» Data in this exercise
[Start of Attachment]

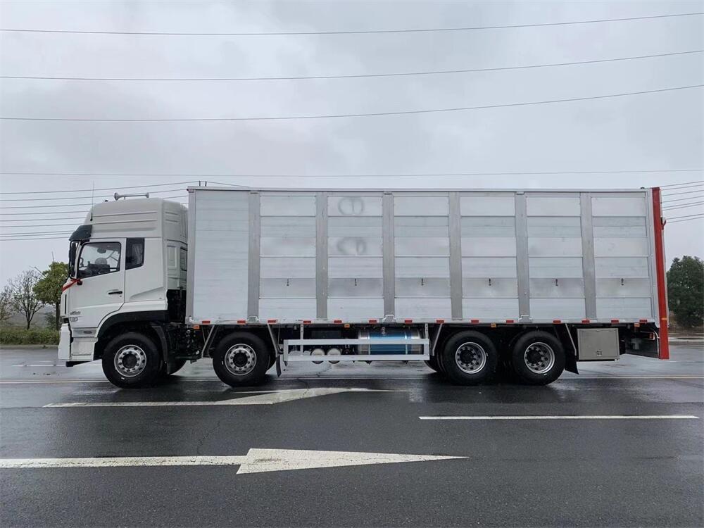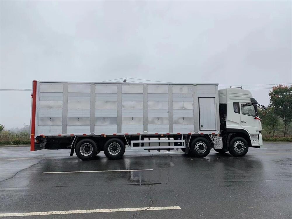 總質量31噸,整備質量15.5噸,額定載質量15.3噸,整車長度11.8-12米,寬度2.5-2.55米,高度3.9-3.98米,貨箱長度8.3-9.3米,箱體鋁合金制作,上中下三層,帶噴淋,喂食功能,可開關側窗,高轉速防風通風換氣扇。后部帶液壓升降尾板,可遠程**。副車架部分采用高強度鋼,能更好應對顛簸路面。帶一套備用發電機。配備冷暖空調,采用全新通風設計,保證前后溫度一致??諝馇逍?,恒溫,有效保證畜禽成活率。設計合理,堅固耐用,箱體內部清洗方便,無死角,無夾縫。讓消毒更徹底。
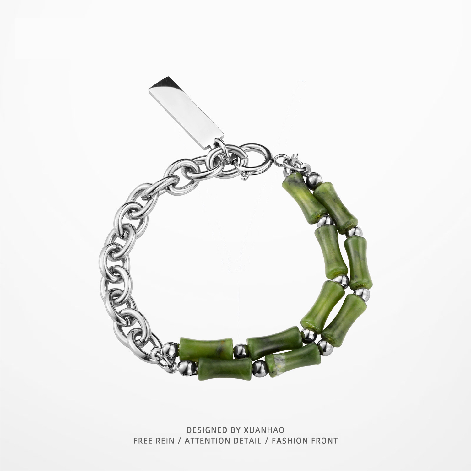 轩皓 橄榄绿竹节天然石叠戴手链 潮男女不锈钢手环小众高级感手串
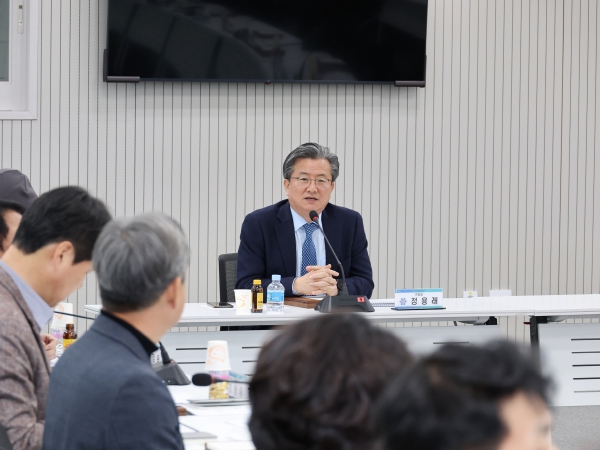 ▲ ‘주요하천 특화계획 수립용역 최종보고회’를 개최한 가운데 정용래 유성구청장이 회의를 주재하고 있다.
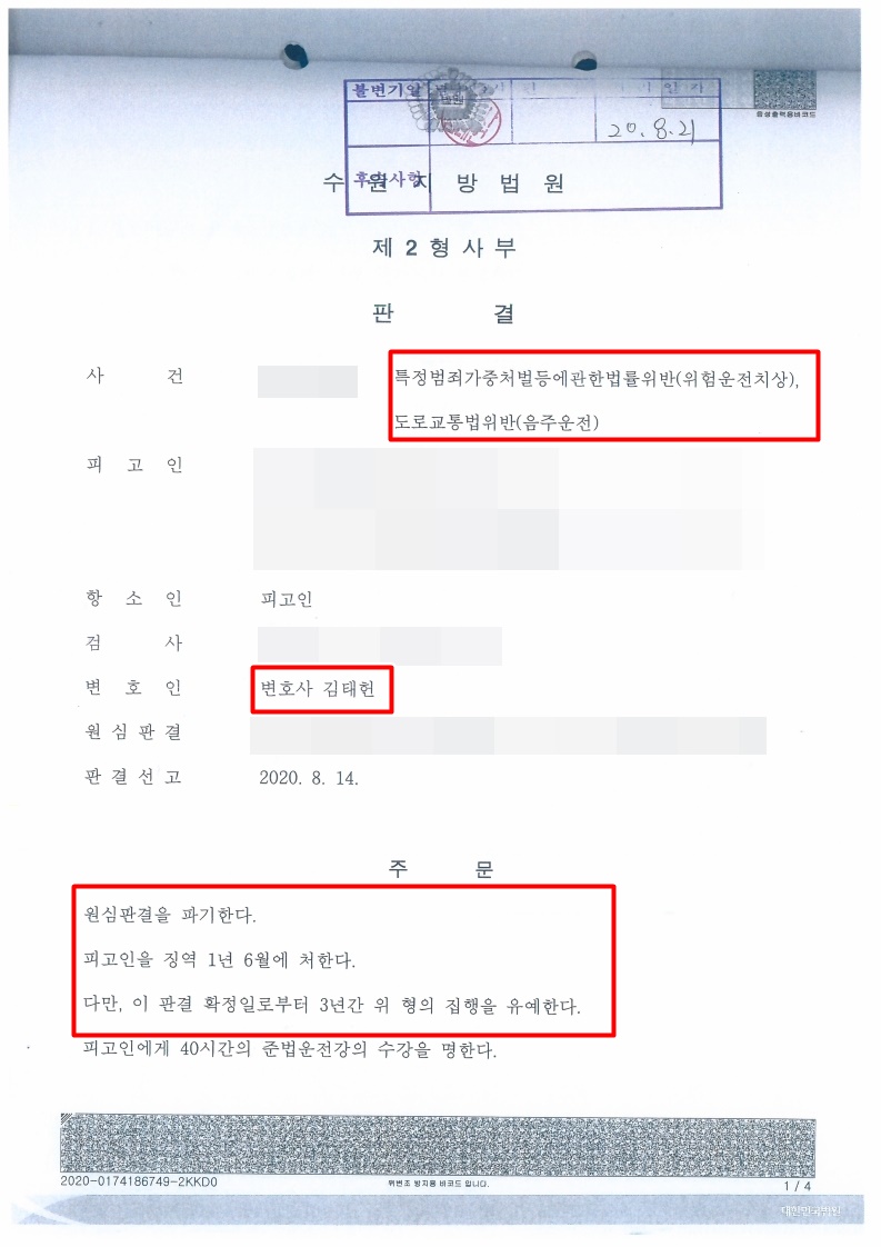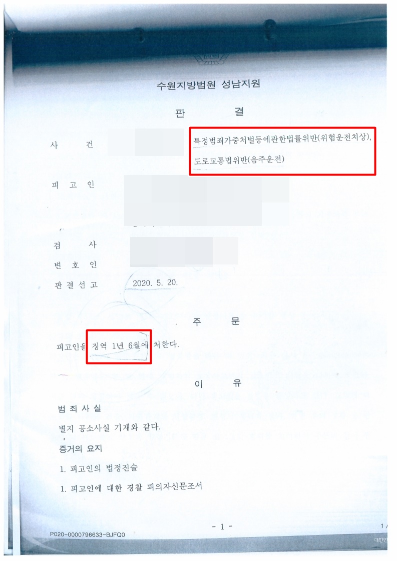 오늘은 형사사건에서 자주 처벌되고 있는 특정범죄가중처벌등에관한법률위반(위험운전치상) 및 도로교통법위반(음주운전)에 관하여 승소사례를 소개해드리겠습니다.
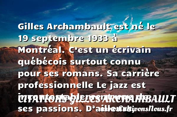 Aujourd’hui, Gilles Archambault continue sa brillante carrière de romancier et compte près de quarante romans. Son talent lui a valu l’obtention de différents prix à savoir :
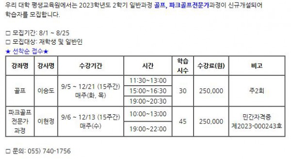 2023-2학기 평생교육원 골프, 파크골프전문가 신규개설 안내
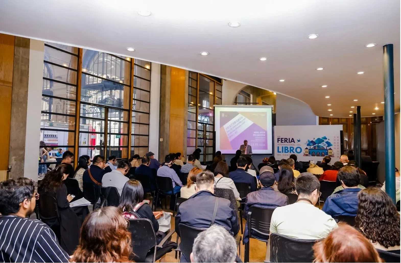 11月10日,由中国图书进出口(集团)有限公司与智利文学协会共同主办、智利文学读者俱乐部协办的“中拉文学出版交流论坛”在马波乔艺术文化中心书展现场举行,汇聚了来自阿根廷、秘鲁、智利等国家的中拉两地近百位作家、学者和出版界人士,共同探讨文学与出版领域的交流与合作。论坛由北京语言大学拉丁美洲研究中心主任、智利中国文学读者俱乐部策划人孙新堂主持。
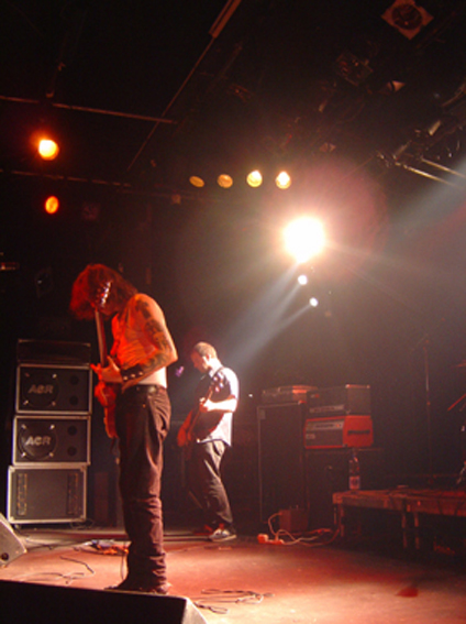 Le duo anglais, qui a fraîchement rejoint Mondo Generator pour pousser la chansonnette avec Nick, n’a pas jugé utile de venir jusqu’à Genève. J’y crois à peine : ces types-là étaient prévus pour la tournée et hop ! Disparu de la circulation ! Les Ricains se pointent donc seuls ce mardi soir à Genève ; ce fût d’ailleurs le cas aussi le soir précédent. Bref passons sur ce sujet qui eut tout de même le doux don de m’énerver vu que c’étaient bien eux qui avaient motivé mon déplacement dans le sacro-saint temple genevois du rock. J’avais déjà vu High On Fire sur scène accompagné de Mastodon il n’y a pas si longtemps et en toute franchise j’avais pas passé une soirée désagréable, mais n’aurais pas bougé juste pour ces trois lascars.
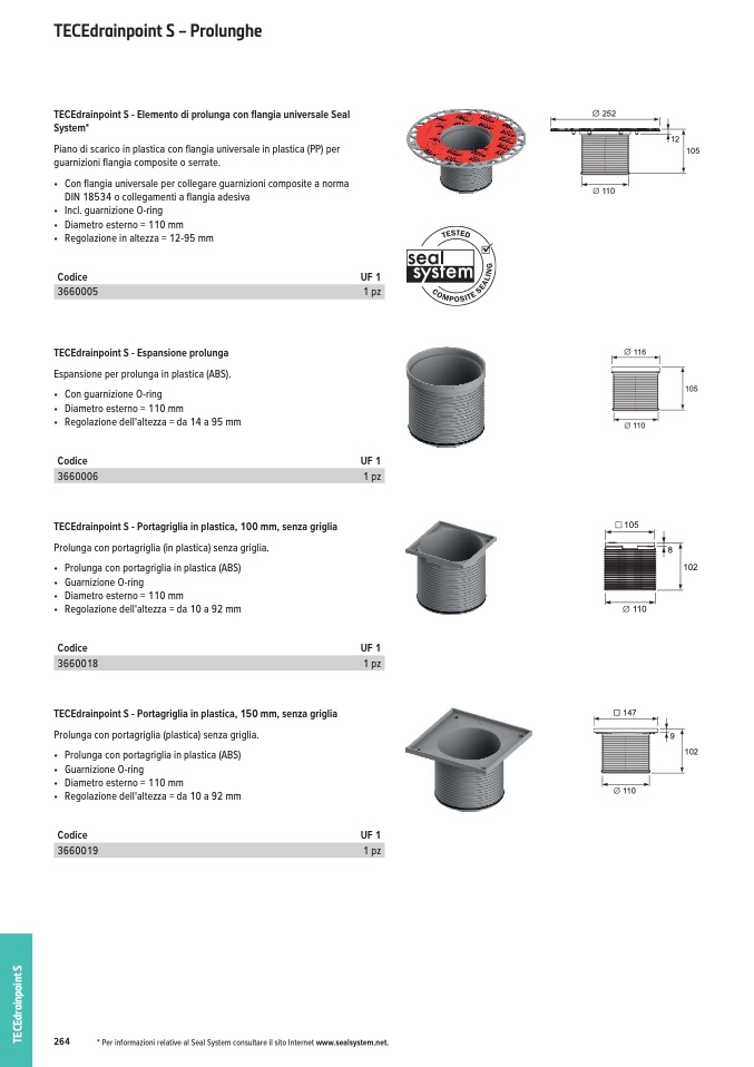 TECEdrainpoint S - Elemento di prolunga con flangia universale Seal
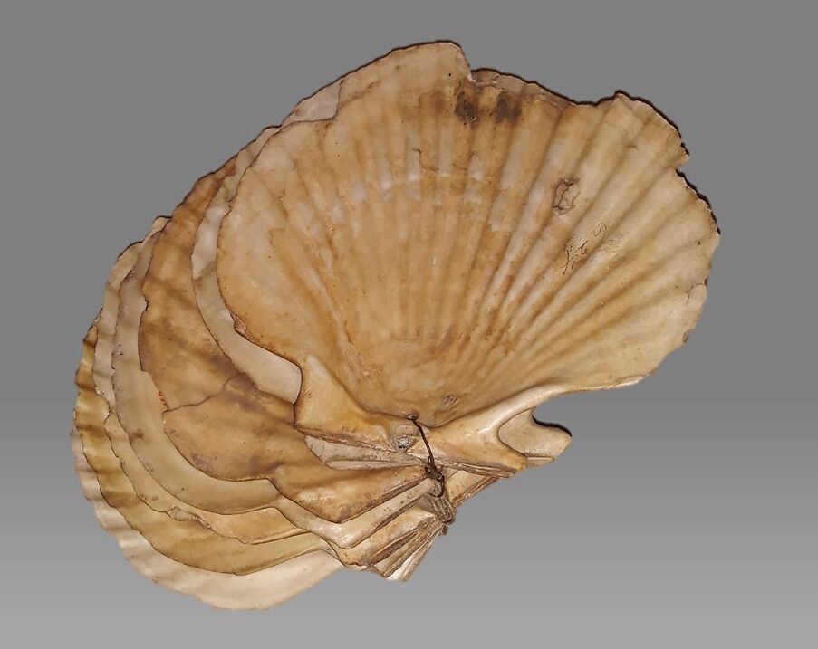 - Medium: (scallop) pecten shells, cloth-covered wire
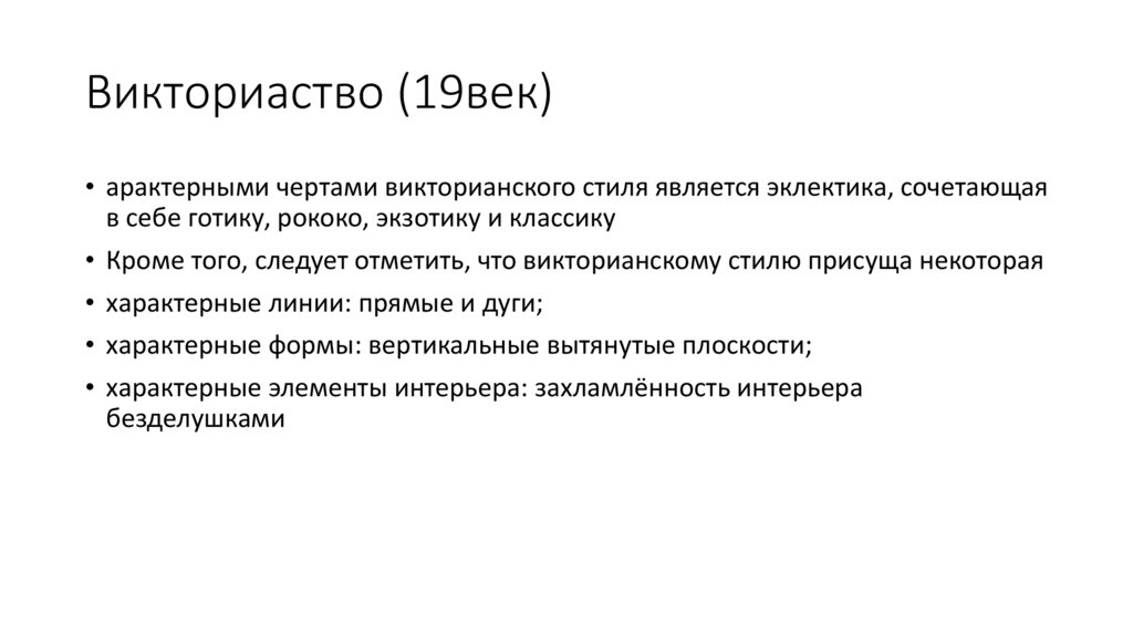 Викториаство (19век)• арактерными чертами викторианского стиля является эклектика, сочетающая
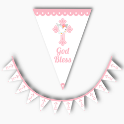 Sold out - Personalised Pink & White Dove Christening Flag Bunting
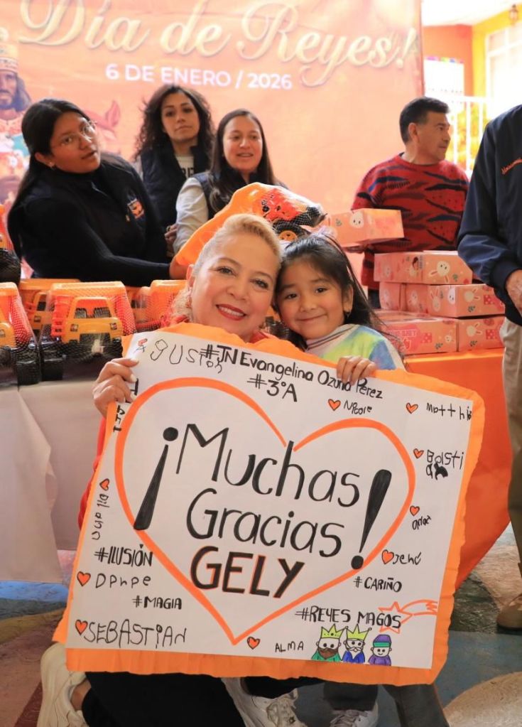 Entrega Gely Zuppa a nombre de los Reyes Magos más de 12 mil juguetes a niñas y niños en sus centros escolares de Tepotzotlán.

[End of Attachment]

» Activity
Could you print all of the entries exactly, skipping the images?

» Expected answer
 總質量31噸,整備質量15.5噸,額定載質量15.3噸,整車長度11.8-12米,寬度2.5-2.55米,高度3.9-3.98米,貨箱長度8.3-9.3米,箱體鋁合金制作,上中下三層,帶噴淋,喂食功能,可開關側窗,高轉速防風通風換氣扇。后部帶液壓升降尾板,可遠程**。副車架部分采用高強度鋼,能更好應對顛簸路面。帶一套備用發電機。配備冷暖空調,采用全新通風設計,保證前后溫度一致??諝馇逍?,恒溫,有效保證畜禽成活率。設計合理,堅固耐用,箱體內部清洗方便,無死角,無夾縫。讓消毒更徹底。
 轩皓 橄榄绿竹节天然石叠戴手链 潮男女不锈钢手环小众高级感手串
 ▲ ‘주요하천 특화계획 수립용역 최종보고회’를 개최한 가운데 정용래 유성구청장이 회의를 주재하고 있다.
 오늘은 형사사건에서 자주 처벌되고 있는 특정범죄가중처벌등에관한법률위반(위험운전치상) 및 도로교통법위반(음주운전)에 관하여 승소사례를 소개해드리겠습니다.
 Aujourd’hui, Gilles Archambault continue sa brillante carrière de romancier et compte près de quarante romans. Son talent lui a valu l’obtention de différents prix à savoir :
 2023-2학기 평생교육원 골프, 파크골프전문가 신규개설 안내
 11月10日,由中国图书进出口(集团)有限公司与智利文学协会共同主办、智利文学读者俱乐部协办的“中拉文学出版交流论坛”在马波乔艺术文化中心书展现场举行,汇聚了来自阿根廷、秘鲁、智利等国家的中拉两地近百位作家、学者和出版界人士,共同探讨文学与出版领域的交流与合作。论坛由北京语言大学拉丁美洲研究中心主任、智利中国文学读者俱乐部策划人孙新堂主持。
 Le duo anglais, qui a fraîchement rejoint Mondo Generator pour pousser la chansonnette avec Nick, n’a pas jugé utile de venir jusqu’à Genève. J’y crois à peine : ces types-là étaient prévus pour la tournée et hop ! Disparu de la circulation ! Les Ricains se pointent donc seuls ce mardi soir à Genève ; ce fût d’ailleurs le cas aussi le soir précédent. Bref passons sur ce sujet qui eut tout de même le doux don de m’énerver vu que c’étaient bien eux qui avaient motivé mon déplacement dans le sacro-saint temple genevois du rock. J’avais déjà vu High On Fire sur scène accompagné de Mastodon il n’y a pas si longtemps et en toute franchise j’avais pas passé une soirée désagréable, mais n’aurais pas bougé juste pour ces trois lascars.
 TECEdrainpoint S - Elemento di prolunga con flangia universale Seal
 - Medium: (scallop) pecten shells, cloth-covered wire
 Викториаство (19век)• арактерными чертами викторианского стиля является эклектика, сочетающая
 Sold out - Personalised Pink & White Dove Christening Flag Bunting
 Entrega Gely Zuppa a nombre de los Reyes Magos más de 12 mil juguetes a niñas y niños en sus centros escolares de Tepotzotlán.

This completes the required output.